There are a suite of ad hoc romanisations of non-Roman alphabets, devised for the ASCII-based internet (and phones). Greeklish is the Greek one. And Greeklish varies widely from practitioner to practitioner, mainly as to whether it’s a transcription (capturing the sounds of letters in Roman characters), or a transliteration (so that the Roman letters can be a bit more remote what an English-speaker would expect).

So a xi would be <ks> in the former, and any of <j, $, 3, c> in the latter—mostly to look like ξ, or in the case of <c> because it’s a leftover character in keyboard mappings.

Πώς θα χρησιμοποιούσες διαφορετική αλφάβητο να γράψεις την πρώτη σου γλώσσα (“How would you use a different alphabet to write your native language”) would end up as:

  • Phonetic: Pos tha xrisimopoiouses diaforetiki alfavito na grapsis tin proti sou glossa
  • Transliteration: Pws qa xrhsimopoiouses diaforetikh alfabhto na grayeis thn prwth sou glwssa.

Of course, Greeks also do the reverse: write English in phonetic Greek. For example, How would you use a different alphabet to write your native language:

  • Χάου γουντ γιου γιουζ ε ντίφερεντ άλφαμπετ του ράιτ γιορ νέιτιβ λάγκουιτζ.

The real fun and games was during the hey-day of Greeklish, when Greeks would write English in phonetic Greek—in Greeklish. So:

  • Xaou gount giou giouz e ntiferent alfampet tou rai”t gior nei”tib lagkouitz.

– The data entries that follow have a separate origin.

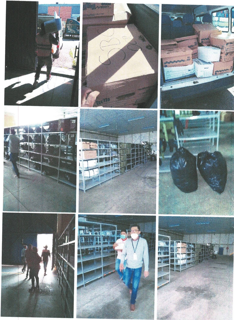
Actividad del personal de Organización Electoral al interior de la bodega electoral, respecto a extraer la documentación que se encontró al interior de las cajas paquete electoral, del Proceso Electoral Estatal Extraordinario 2022.
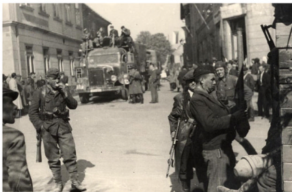
Stejná situace o pár vteřin dříve - s vojáky v německé uniformě, s partyzány, s místními povstalci, civilisty a s vyvýšenými vlnkami

Mezi fotografiemi z povstání 1945 uloženými v novostřešeckém muzeu je menší skupina snímků pořízených ve městě v místech ústí Nádražní ulice na Tyršovo náměstí. Obrázkům dominuje německý nákladní automobil Mercedes Benz, zčásti maskovaný větvejí a s československou vlnkou přetaženou přes motor. Okolo se nachází čilý ruch, pohybují
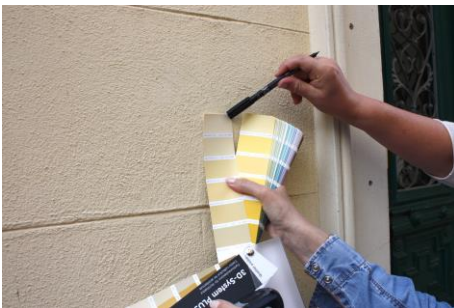
„Making of... ColorResearch“
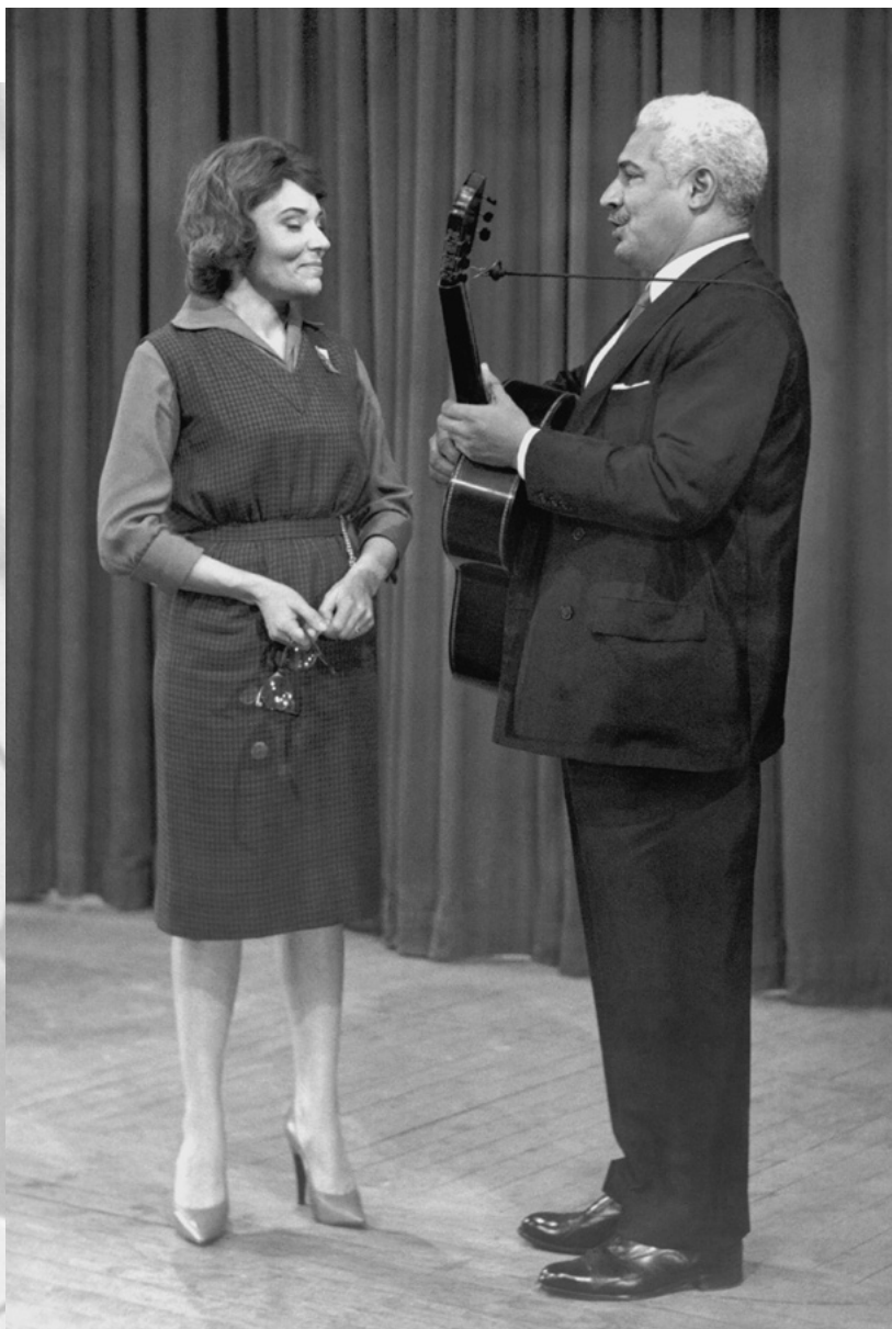
BIBI E DORIVAL CAYMMI EM BRASIL 64, NA TV EXCELSIOR

Remember: these are of course Modern Greek pronunciations of the Greek alphabet.

How many countries in the world say “Tata” when you say bye. And how did that happen?

It’s almost a word when we were kids.

It is a word from when you were kids. It originated as a “nursery word”, as the OED puts it (i.e. baby talk), meaning both “good bye” and “walk”:

1823 S. Hutchinson Let. Sept.–Oct. (1954) 261 Baby I believe has not learnt any new words since Mrs M. wrote last, but she has the old ones very perfect—‘Gone’—‘Ta ta’—‘By bye’.

1886 J. Sully Teacher’s Handbk. Psychol. A child of eighteen months will mentally rehearse a series of experiences, as those of a walk: ‘Go tata, see geegee.’

In fact, it was used to name a theory of the origin of language as iconic gesture (which is presumably a baby-talk kind of thing):

ta-ta theory adj. Philology the theory that language originated in an attempt to imitate the body’s gestures with the vocal organs.